The formula of probability theory
In principle, the study of this topic does not taketoo much time. In order to get an answer to the question: "How to find the probability of some phenomenon?", You need to understand the key concepts and remember the basic principles on which the calculation is based. So, according to statistics, the events under investigation are denoted by A1, A2, ..., An. Each of them has both favorable outcomes (m) and the total number of elementary outcomes. For example, we are interested in how to find the probability that an even number of points will be on the top of the cube. Then A is a die roll, m is a loss of 2, 4 or 6 points (three favorable variants), and n are all six possible variants.
P (A) = m / n.
It is easy to calculate that in our example the desiredthe probability is 1/3. The closer the result to unity, the more likely that such an event will actually happen, and vice versa. Here is a theory of probability.

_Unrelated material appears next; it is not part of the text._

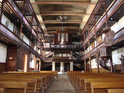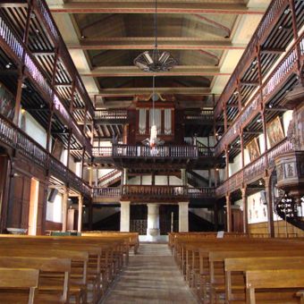 La Chiesa di Saint-Vincent presenta un campanile ottagonale, tre livelli di balconate in legno e un ingresso rinascimentale con archi semicircolari e motivi floreali.

With one outcome everything is extremely easy.But how to find the probability, if the events go one after another? Consider this example: one card is displayed from a card deck (36 pcs.), Then it is hidden again in the deck, and after mixing the following is pulled out. How to find the probability that at least in one case the lady was rushed out? There is the following rule: if you are considering a complex event that can be divided into several incompatible simple events, you can first calculate the result for each of them, and then add them together. In our case it will look like this: 1/36+ 1/36 = 1/18. But what about when there are severalindependent events occur simultaneously? Then the results are multiplied! For example, the probability that, when two coins are rolled up simultaneously, two tails will drop out, will be: ½ * ½ = 0.25.
Now let's take an even more complicated example. Suppose we hit a book lottery in which out of thirty tickets ten are winning. It is required to determine:
- The likelihood that both will be winning.
- At least one of them will bring a prize.
- Both will be losing.
So, consider the first case.It can be divided into two events: the first ticket will be happy, and the second will also be happy. We will take into account that the events are dependent, since after each pull-out the total number of variants decreases. We get:
10/30 * 9/29 = 0.1034.
In the second case, you will need to determine the probability of a losing ticket and take into account that it can be either the first account or the second: 10/30 * 20/29 + 20/29 *10/30 = 0.4598.
Finally, the third case, when on the raffled lottery, even one book can not be obtained: 20/30 * 19/29 = 0.4368.